These GAN variants yield good performances in the context of generating short texts, such as SeqGAN [20], RankGAN [12], TextGAN [22].
To generate long text, in [7], they introduced LeakGAN to enable the discriminator leaks features extracted from its input to generator, which uses this signal to guide the outputs in each generation step. They built a hierarchical Reinforcement Learning (RL) [17] framework as a generator, in which the module named MANAGER accepts the leaked feature to form a goal vector, which is help guiding another module named WORKER to generate the next word.
However, one application of the text generation has not been explored extensively, which is text generation with personalized writing style. The personalized writing style could be helpful for various applications. For example, in the scenario of responding to an email or message automatically, if we want to let the receivers convinced that the reply is written by the person, the writing style of that email should be similar to that of the user.
Another example would be generating a paragraph of a specific topic and is written by a well-known author. Therefore, we would like to let the user to define the topic of the generated text, which means the text generated by our method should be related to the user-defined topic and the collected texts form a specific author are used to extract the personalized writing style information as the author-specific feature, which is fed into the GAN framework to guide the GAN to generate text with personalized writing style and user defined topic.
2 Related Work
2.1 Language Features
The syntactic and content information from text is a long-standing topic in natural language processing. The syntactic structure of one sentence is often closely related to the part-of-speech (POS) sequence corresponding to that sentence; therefore, many efforts are made to improve the performance of labeling POS tag automatically. In [18], they used cyclic dependency network to consider the POS context to obtain higher POS tagging accuracy. Named Entity Recognition (NER), which refers to the identification of entities with specific meaning in the text, is an important analysis process to obtain text content information.
In order to improve the accuracy of NER process, another work [5] is based on the conditional random field model, using Gibbs sampling to adopt the structure of long sentence instead of only local feature. In addition, the relationship between each word is also an important characteristic of text. Researchers attempt to represent words in text using vectors, so that the relationship between words can be determined by calculating the cosine similarity between vectors. The Word2vec algorithm is proposed in [13], which includes two architectures: Continuous Bag-of-Words Model and Continuous Skip-gram Model, to calculate continuous vector representations of words.
2.2 Text Generation Using GAN
With the development of deep learning, many text generation works have begun to use neural networks in recent years. For example, Generative Adversarial Networks (GAN) [6] provides a novel way to generate text, which consists of a generator and a discriminator. Discriminator determines whether the input data is real or generated, and Generator generates data and try to convince the discriminator that the generated data is real. However, in context of discrete data input, discriminator cannot propagate the gradient back to the generator as in standard GAN training.
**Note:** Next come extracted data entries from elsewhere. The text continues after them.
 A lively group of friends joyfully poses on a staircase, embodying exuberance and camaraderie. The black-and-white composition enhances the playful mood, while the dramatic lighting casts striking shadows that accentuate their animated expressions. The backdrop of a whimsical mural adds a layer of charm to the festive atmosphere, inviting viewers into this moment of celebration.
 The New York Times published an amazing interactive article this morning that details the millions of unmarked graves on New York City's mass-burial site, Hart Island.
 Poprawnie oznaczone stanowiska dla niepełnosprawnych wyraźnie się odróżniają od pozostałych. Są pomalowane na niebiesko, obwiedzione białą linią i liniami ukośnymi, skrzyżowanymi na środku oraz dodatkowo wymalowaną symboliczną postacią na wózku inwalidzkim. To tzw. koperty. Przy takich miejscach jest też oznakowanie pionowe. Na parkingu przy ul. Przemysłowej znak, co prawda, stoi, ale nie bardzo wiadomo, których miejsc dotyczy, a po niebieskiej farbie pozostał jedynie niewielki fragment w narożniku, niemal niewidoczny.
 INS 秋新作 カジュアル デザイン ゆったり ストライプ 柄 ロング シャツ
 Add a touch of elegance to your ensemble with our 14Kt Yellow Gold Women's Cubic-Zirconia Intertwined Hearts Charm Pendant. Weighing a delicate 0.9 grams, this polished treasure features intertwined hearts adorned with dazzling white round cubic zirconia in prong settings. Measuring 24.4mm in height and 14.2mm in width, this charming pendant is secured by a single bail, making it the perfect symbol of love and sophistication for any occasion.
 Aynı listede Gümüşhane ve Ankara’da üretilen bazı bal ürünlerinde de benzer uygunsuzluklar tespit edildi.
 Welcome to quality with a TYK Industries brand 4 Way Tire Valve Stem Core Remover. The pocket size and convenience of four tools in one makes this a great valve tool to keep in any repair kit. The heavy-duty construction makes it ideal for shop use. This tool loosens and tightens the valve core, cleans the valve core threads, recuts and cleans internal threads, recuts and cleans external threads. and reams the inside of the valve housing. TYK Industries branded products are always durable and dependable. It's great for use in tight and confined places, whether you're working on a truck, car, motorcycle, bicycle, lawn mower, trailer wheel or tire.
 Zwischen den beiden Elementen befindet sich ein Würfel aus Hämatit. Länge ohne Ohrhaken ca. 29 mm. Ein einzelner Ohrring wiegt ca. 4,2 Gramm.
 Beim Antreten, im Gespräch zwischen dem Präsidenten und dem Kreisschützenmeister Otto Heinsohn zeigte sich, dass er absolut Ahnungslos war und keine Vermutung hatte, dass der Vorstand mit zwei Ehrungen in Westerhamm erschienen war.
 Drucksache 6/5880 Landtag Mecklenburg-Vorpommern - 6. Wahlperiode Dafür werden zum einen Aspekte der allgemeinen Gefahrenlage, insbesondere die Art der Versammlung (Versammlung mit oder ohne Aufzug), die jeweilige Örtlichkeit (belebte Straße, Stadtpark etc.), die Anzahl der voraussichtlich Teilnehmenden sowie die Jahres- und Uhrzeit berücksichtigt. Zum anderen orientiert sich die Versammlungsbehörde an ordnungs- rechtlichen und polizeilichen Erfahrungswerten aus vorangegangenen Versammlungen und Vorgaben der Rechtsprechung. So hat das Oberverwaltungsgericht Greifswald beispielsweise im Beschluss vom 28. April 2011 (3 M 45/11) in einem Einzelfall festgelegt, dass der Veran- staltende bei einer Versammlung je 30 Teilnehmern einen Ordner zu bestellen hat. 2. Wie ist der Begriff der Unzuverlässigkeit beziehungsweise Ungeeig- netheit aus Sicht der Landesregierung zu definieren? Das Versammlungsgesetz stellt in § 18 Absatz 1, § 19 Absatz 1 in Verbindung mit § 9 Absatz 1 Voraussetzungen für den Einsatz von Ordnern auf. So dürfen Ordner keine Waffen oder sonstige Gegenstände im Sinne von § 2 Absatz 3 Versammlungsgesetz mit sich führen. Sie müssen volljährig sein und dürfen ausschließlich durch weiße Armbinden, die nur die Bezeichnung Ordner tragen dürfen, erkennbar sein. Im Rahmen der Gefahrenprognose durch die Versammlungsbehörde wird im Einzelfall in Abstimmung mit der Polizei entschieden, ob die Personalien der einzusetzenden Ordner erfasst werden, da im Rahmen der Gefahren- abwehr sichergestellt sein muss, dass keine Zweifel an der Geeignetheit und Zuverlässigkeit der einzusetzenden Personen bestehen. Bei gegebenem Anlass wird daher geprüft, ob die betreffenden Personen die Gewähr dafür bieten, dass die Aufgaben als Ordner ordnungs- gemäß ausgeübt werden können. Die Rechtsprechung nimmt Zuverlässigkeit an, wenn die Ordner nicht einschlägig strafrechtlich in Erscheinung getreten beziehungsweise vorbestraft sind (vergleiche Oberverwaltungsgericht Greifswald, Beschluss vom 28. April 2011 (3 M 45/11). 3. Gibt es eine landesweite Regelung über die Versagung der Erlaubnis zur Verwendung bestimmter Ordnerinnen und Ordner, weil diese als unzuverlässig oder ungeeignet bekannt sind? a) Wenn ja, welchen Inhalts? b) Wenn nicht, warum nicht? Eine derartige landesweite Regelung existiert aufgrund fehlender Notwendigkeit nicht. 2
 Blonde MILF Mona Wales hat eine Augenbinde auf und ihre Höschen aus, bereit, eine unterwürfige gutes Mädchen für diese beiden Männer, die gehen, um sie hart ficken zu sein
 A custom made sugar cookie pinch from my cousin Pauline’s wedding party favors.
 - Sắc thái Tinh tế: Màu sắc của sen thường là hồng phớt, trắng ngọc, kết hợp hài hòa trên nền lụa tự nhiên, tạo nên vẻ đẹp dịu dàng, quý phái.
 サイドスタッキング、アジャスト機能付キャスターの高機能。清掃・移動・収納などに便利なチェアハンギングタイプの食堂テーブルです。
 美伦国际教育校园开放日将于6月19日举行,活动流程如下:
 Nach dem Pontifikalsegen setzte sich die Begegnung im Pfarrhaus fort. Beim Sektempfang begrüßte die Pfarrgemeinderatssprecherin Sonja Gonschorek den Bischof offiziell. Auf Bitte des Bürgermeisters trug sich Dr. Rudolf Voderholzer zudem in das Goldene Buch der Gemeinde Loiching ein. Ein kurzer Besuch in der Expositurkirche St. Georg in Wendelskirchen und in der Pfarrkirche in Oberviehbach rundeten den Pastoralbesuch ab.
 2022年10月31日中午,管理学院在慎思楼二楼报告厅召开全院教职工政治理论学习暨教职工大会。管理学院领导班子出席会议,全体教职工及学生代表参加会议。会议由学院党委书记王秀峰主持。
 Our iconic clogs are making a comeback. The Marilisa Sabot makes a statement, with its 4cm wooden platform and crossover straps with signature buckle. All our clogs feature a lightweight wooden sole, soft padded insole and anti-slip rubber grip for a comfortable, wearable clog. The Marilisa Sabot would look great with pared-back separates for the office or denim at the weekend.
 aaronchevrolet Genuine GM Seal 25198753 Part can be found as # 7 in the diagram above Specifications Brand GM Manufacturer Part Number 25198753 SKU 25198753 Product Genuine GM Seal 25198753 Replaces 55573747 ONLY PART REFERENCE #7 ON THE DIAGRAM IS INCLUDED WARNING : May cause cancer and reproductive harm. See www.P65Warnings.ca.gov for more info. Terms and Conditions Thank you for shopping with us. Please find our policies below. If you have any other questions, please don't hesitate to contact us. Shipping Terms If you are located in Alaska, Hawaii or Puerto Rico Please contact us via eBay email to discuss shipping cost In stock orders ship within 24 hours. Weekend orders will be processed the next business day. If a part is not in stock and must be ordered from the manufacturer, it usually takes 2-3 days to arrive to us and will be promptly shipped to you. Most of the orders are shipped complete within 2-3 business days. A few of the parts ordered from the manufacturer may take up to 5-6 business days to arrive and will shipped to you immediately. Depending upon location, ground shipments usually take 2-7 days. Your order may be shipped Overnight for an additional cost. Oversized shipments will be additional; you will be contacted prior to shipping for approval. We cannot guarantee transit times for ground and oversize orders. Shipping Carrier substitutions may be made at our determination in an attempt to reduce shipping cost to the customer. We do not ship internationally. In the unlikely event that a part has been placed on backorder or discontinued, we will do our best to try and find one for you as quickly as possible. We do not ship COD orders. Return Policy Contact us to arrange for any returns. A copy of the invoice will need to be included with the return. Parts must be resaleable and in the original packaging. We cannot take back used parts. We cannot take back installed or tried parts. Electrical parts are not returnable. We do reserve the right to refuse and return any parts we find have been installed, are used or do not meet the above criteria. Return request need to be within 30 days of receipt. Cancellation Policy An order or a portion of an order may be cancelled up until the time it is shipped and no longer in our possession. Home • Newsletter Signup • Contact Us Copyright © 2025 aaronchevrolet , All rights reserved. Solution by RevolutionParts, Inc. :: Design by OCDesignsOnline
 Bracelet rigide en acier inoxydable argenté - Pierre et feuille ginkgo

To address this problem to generate text via GAN, some researchers employ Long Short-term Memory (LSTM [8]) and convolutional neural network (CNN [10]) for adversarial training to generate realistic text and optimize a new feature distance when training the generator [22]. A method is inspired by the Reinforcement Learning (RL)[17] reward signal come from the GAN discriminator judged on a complete sequence, which is passed back to the intermediate state-action steps using Monte Carlo search [20].
To generate long text, LeakGAN [7] is introduced to enable discriminator leak features extracted from its input to generator, which will use this signal to guide the outputs for each word generation step. They built a hierarchical RL framework as a generator, in which the module named MANAGER accepts the leaked feature to form a goal vector to guide another module named WORKER to generate the next word.
Those variants of the GAN framework are helpful for text generation and the performance is superior than the conventional rule-based methods. Nevertheless, to collect a text corpus of a specific author with various topics is hard to achieve, since one author usually write only limited amount of articles with similar topics. Therefore, the main goal of the proposed method is try to use all texts collected from different authors for training the GAN model in order to let the covered topics as many as possible. More importantly, the generated sentences should be perceived as written by a specific author.
We first implemented NER on all collected articles to determine which articles contain information related to user-defined topics and save them as the training set. Besides, the bigram language model of the POS tag and the corresponding structural words of the target author are extracted as the author's personalized writing habit.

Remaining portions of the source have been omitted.